November 2002 | Body & Mind Health

Iyengar Yoga

by Darlene Paris

Twelve years ago Patrina Dobish went to India to study yoga. But when she returned to Chicago that same year, Dobish gave up her asana practice.

"I was already working hard during the day as a carpenter and the yoga poses did not make me feel any better," she says. "They were too intense and my body was already very tired."

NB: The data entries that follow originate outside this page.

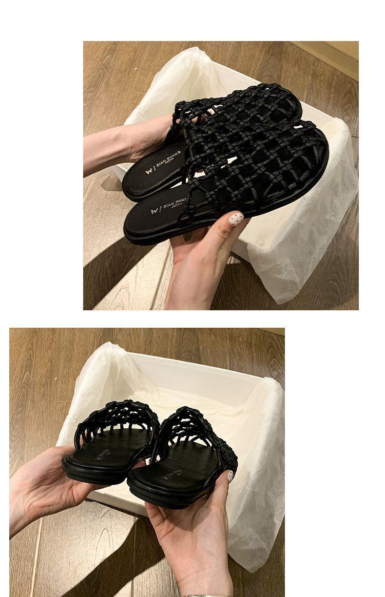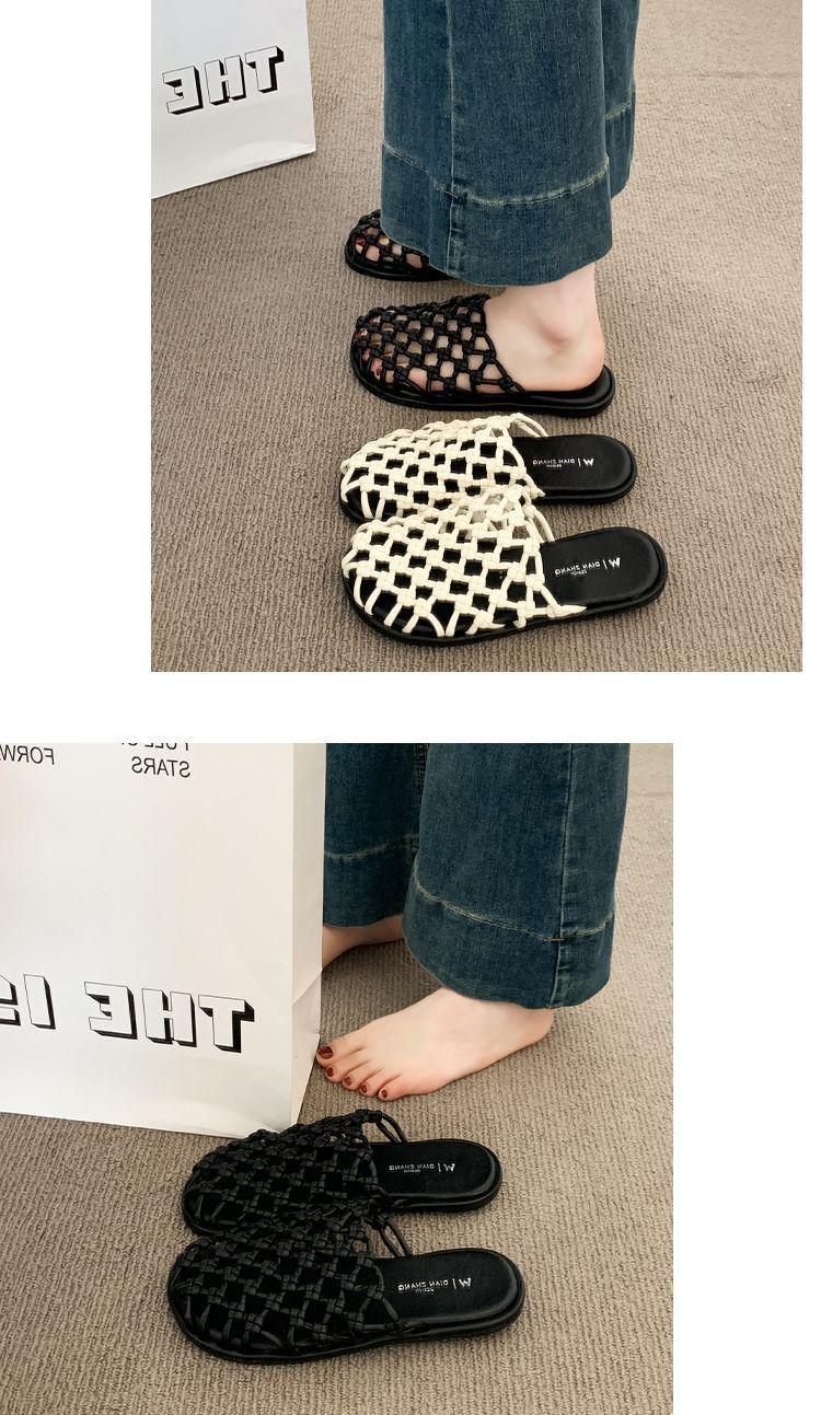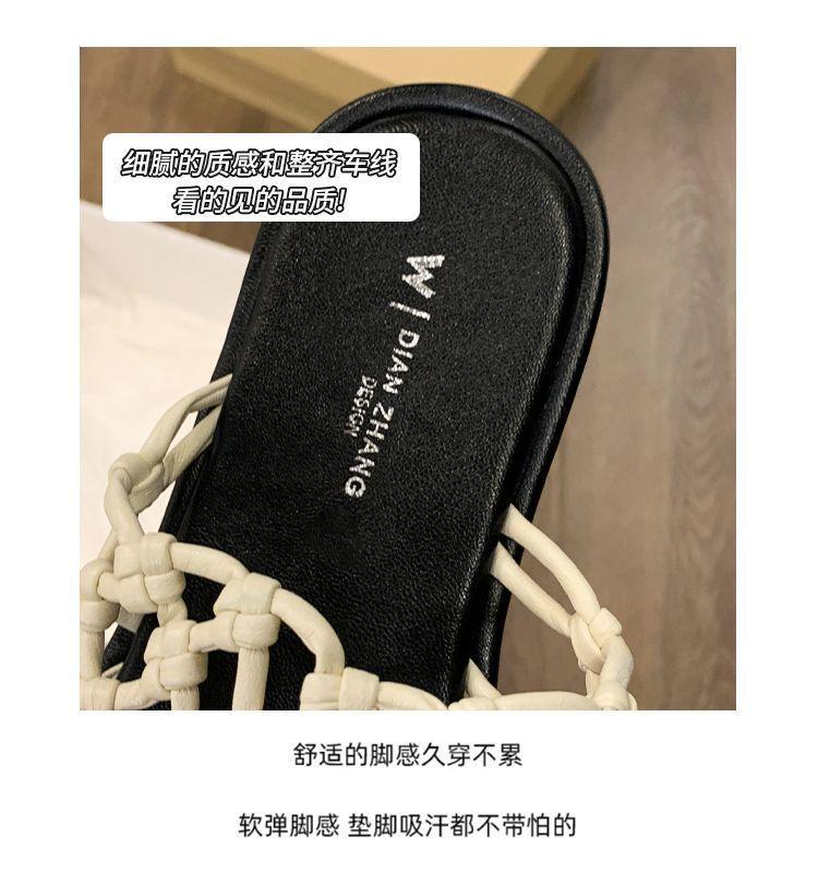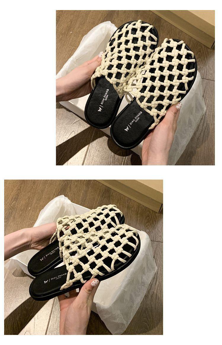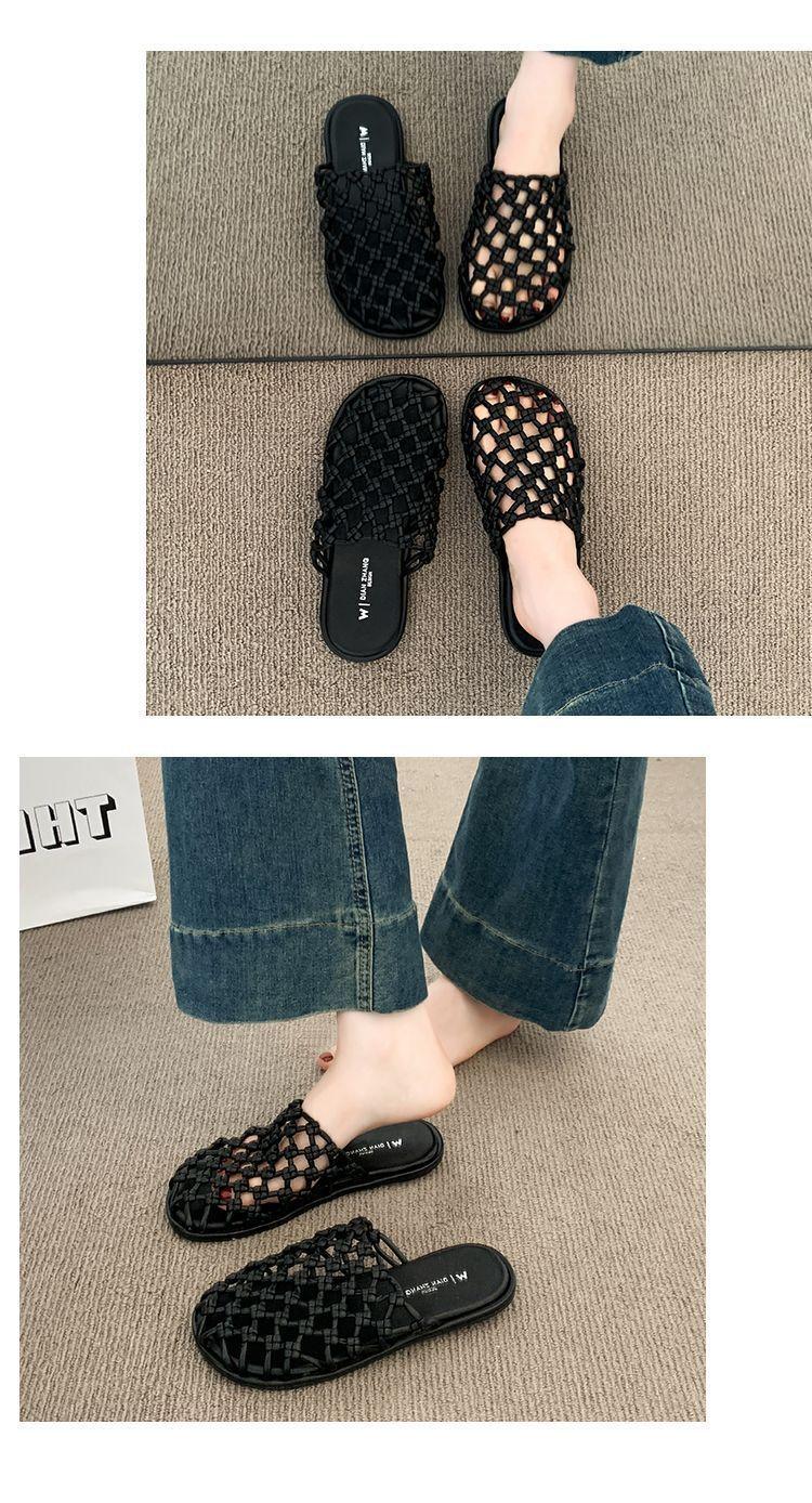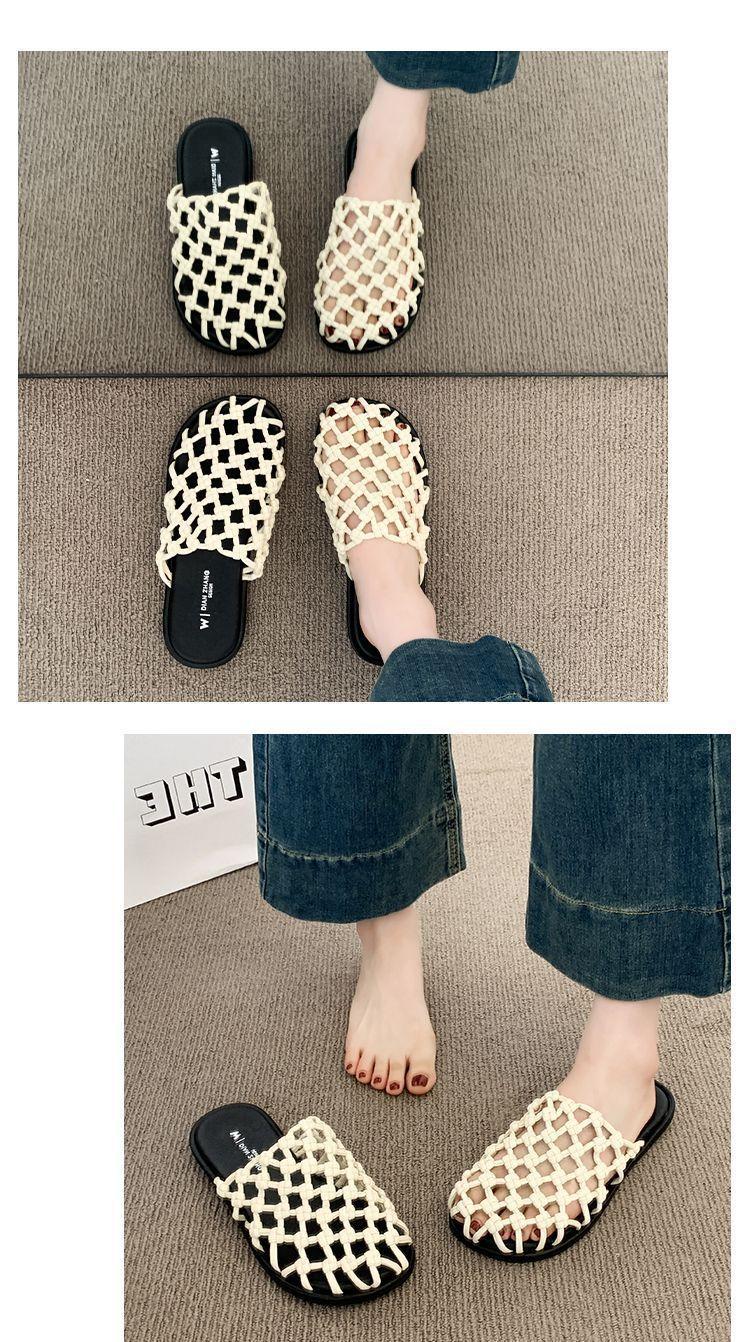 Sandalias Casuales de Punta Plana Transpirable para Mujer 2025 Nuevo Popular Nicho Tejidas Huecas Sandalias para Mujer Verano para Exterior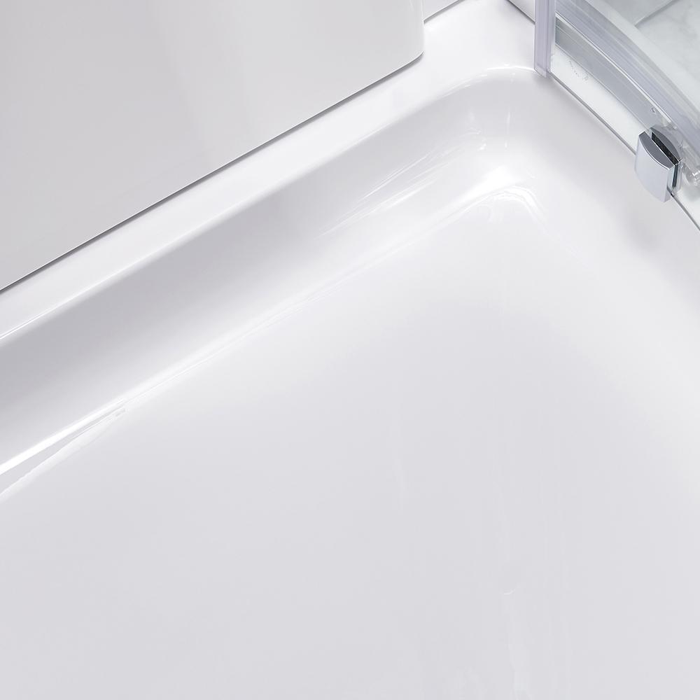 Durable pure white shower walls and base in reinforced acrylic construction with fiberglass resists stains and scratches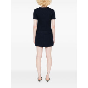 navy blue concealed rear zip fastening two chest welt pockets two front welt pockets belted waist Boucle mini dress Size and Fit - This piece fits true to size. We recommend you get your regular size. Model is 1,75m / 5ft 8in wearing size 8 (UK)
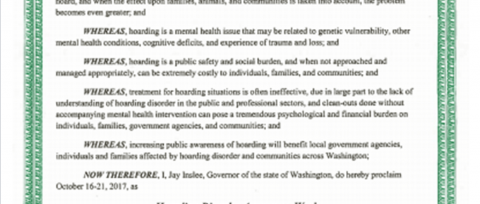 Hoarding Disorder Awareness Week in the State of Washington is October 16-21, 2017 as declared by proclamation signed by Governor Jay Inslee on August 8, 2017. It is so valuable and important that …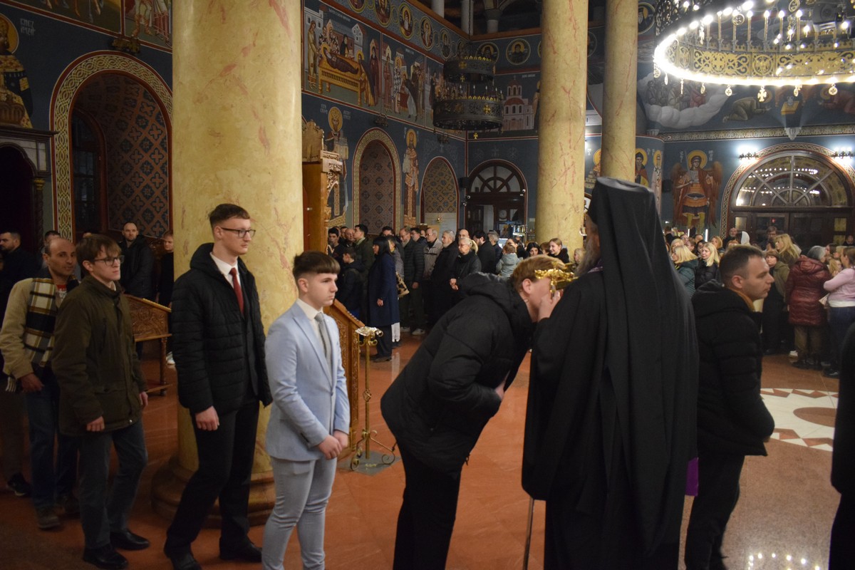 У недељу Сиропусну, 22. фебруара 2026. године, Његово Високопреосвештенство Митрополит нишки г. Арсеније присуствовао је вечерњем богослужењу у нишком Саборном храму Силаска Светога Духа на Апостоле, уочи почетка Свете Четрдесетнице.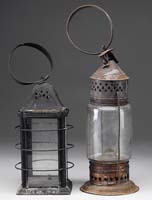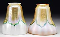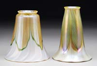 TWO ART GLASS SHADES. Green pulled feather corset-shaped shades with gold iridescent outline against a cream colored background. Interior of shades are finished with bright gold iridescence. One shade marked with Steuben fleur de lis and other shade is unsigned. SIZE: 3-1/2″ t and 3-1/4″ x 2″1-4″ fitters. CONDITION: Very good to excellent with minor roughness to both fitter rims. 5-66434 5-66452 (600-800)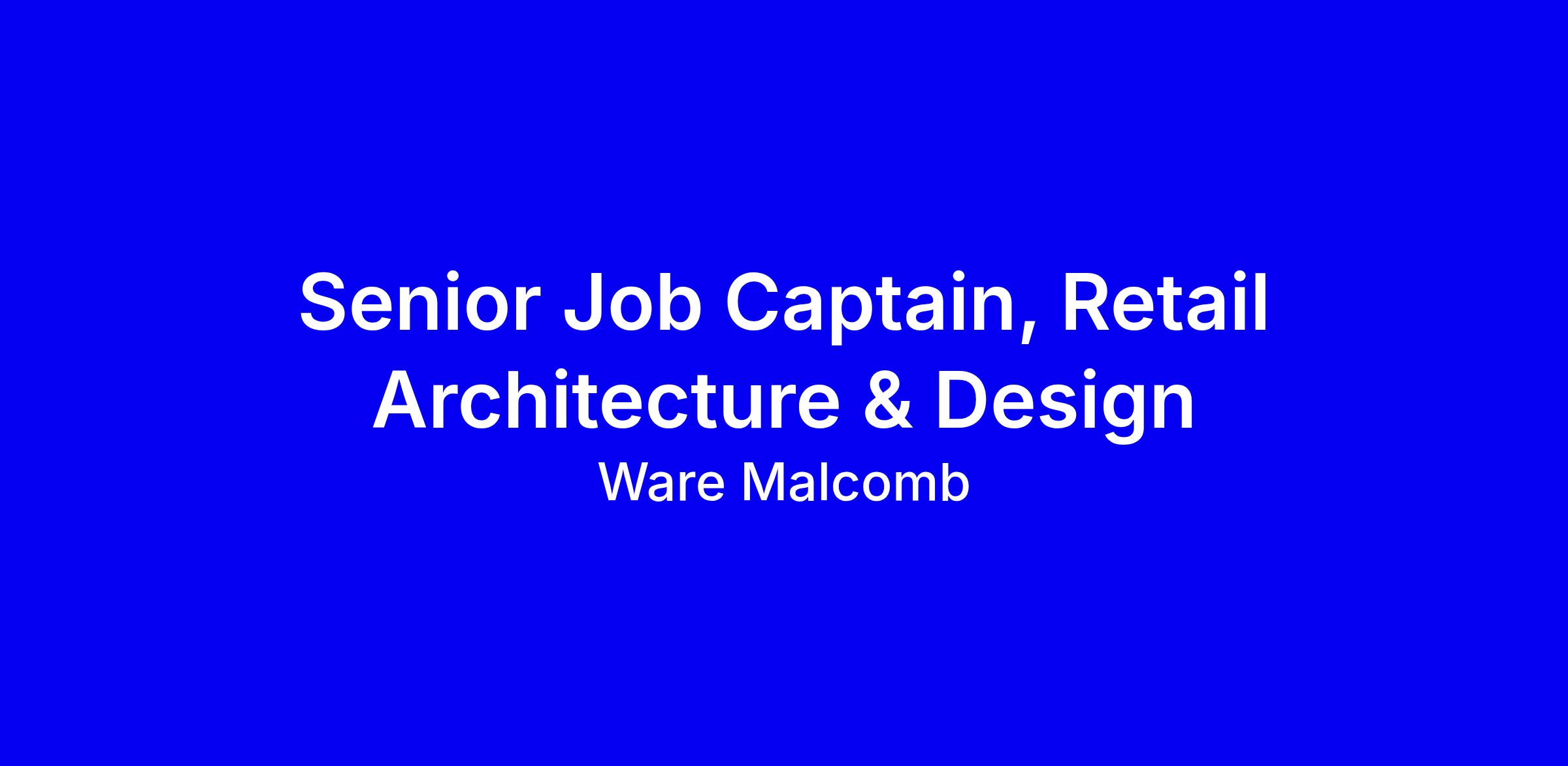 https://waremalcomb.com/life-at-ware-malcomb/ As a Senior Job Captain at Ware Malcomb, you will support in the delivery of innovative design projects to diverse clients. You will lead project coordination with consultants and internal teams, contribute to all phases of design and provide construction administration support. You will use your technical expertise and knowledge of building codes to produce high-quality construction documents and ensure smooth project execution. This is a great opportunity to collaborate with clients, consultants, contractors, and our dynamic team while advancing your architectural career.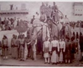 | Description / विवरण | It is the marriage photograph of Shri Sawai Maharaj Veerandra Shromani Dev of Alwar. The Palki is lifted by men near the building is shown. |
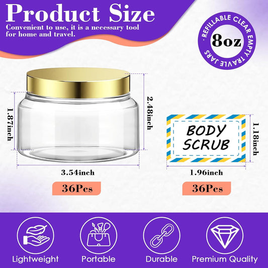 36 Pack 8 oz Amber Plastic Cosmetic Containers With Lids Refillable Clear Empty Travle Jars Containers for Body Butter,Sugar Scrubs,Cream,Lotions,Candy, Waterproof Label&Spatulas - (Black Lid)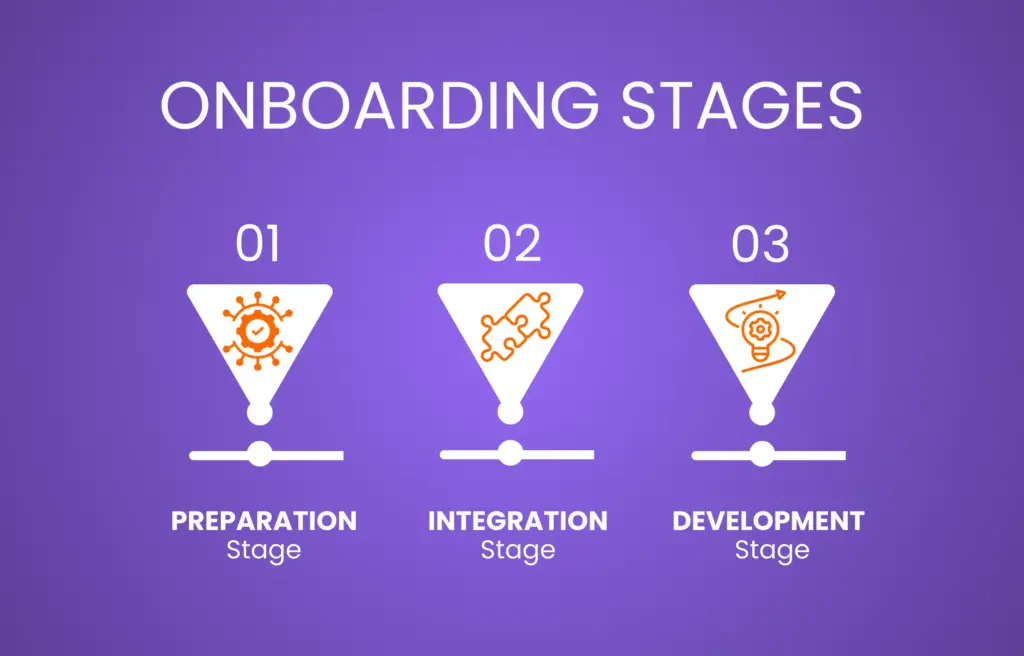 This comprehensive guide will detail the steps involved in onboarding employees through three phases; Preparation, Integration and Development. These stages aim to assist you in creating an onboarding process that smoothly integrates newcomers into your organization.

Then she heard that yoga master B.K.S. Iyengar was coming to Chicago from India and would be demonstrating poses at Lincoln Park High School, which wasn’t too far from her home.

"I was always intimidated by Iyengar yoga because the students seemed physically oriented," Dobish says. "Since my trip to India, I had been doing more of a seated practice. But I decided to go anyway."

When Dobish saw Iyengar working with the students on stage, she was mesmerized by the way in which he worked.

"He was very egalitarian in his approach," she says. "He was going around to each student and describing what was going on with their poses and how they could improve them. All they had to do was use their mind, not their physical strength, to do it."

The demonstration was enough to propel Dobish back into a regular asana practice. She began to study this style of yoga with certified Iyengar yoga instructor and director of Yoga Circle, Gabriel Halpern, and noticed that her asana practice became less painful.

"When I was doing yoga before, I didn’t get any useful feedback," explains Dobish who is now an Iyengar yoga instructor at Yoga Circle, Eight Limbs Yoga Center, and Lakeside Church in Evanston. "Studying the Iyengar method, I got good feedback on how to improve, and my asana practice began to provide relief rather than pain."

Direct instruction is one of the hallmarks of Iyengar yoga. "The teachers are rigorously trained to use their powers of visual discrimination," says Halpern. "Their ability to articulate instructions clearly and offer hands-on correction helps Iyengar yoga teachers stand out from the rest."

Another reason this style of yoga is unique is that it utilizes props, belts, blankets, bolsters, ropes, and chairs, which allow students to execute poses with less difficulty.

"The use of props has made yoga available to more people than just those who are young and flexible or who have the personality type to keep going with their practice and persevere," Halpern says.

"We use props for different purposes," says Paul Fowler, who teaches beginning Iyengar yoga classes at Yoga Circle and Moksha Yoga in Chicago. "Sometimes we might lay over a prop or sometimes we’ll use it in an active way to help students get deeper into a pose," he explains.

"We might even use it to teach different actions," Fowler continues. "For example, in the mountain pose the inner thigh should move back. We would take a block and put it between the thighs and then have the student move the block back so they can see the action in the pose. Then we would take the block away and have them do the same thing without the block," Fowler explains.

Critics say that Iyengar students might get addicted to the prop and never learn to perform the poses without assistance. Not true, says Fowler. "It’s not about depending on the prop, but it’s about using the prop in an intelligent way to teach a particular action," he says.

Iyengar yoga is not all about asana. In the advanced classes, students also learn about the Yoga Sutra, an ancient Indian text on yoga that was codified by a man referred to as the father of yoga, Patanjali.

"We start our classes with an invocation to Patanjali to quiet and center ourselves," says Lois Steinberg, certified Iyengar yoga instructor and owner of the B.K.S. Iyengar Yoga Institute of Champaign-Urbana. "Then we chant the eight limbs of yoga, which are found in the Yoga Sutra. We also talk about the yamas (practices to avoid) and niyamas (observances)," Steinberg explains.

If it were up to B.K.S. Iyengar, who is now eighty-four years old and occasionally teaches classes at the Ramamani Memorial Yoga Institute in his hometown of Pune, India, he wouldn’t have called his method of teaching Iyengar yoga. "There is no Iyengar yoga, only yoga," he says.

Iyengar’s students created the name because they needed a way to distinguish his brand of yoga from the other styles. "There’s no reason to label any of it," says Steinberg. "We’re all seeking self-enlightenment and freedom from suffering."

Dobish adds, "When people come to an Iyengar yoga class a lot of them are relieved because they are actually instructed on how to do things. And then they go home and practice to see if those things they learned in class really worked."

Darlene E. Paris is a freelance writer, teacher, Reiki Master, and the author of Healthy and Natural Living in Chicago: The Best Alternative Resources in the City and Suburbs (Chicago Review Press, 1998).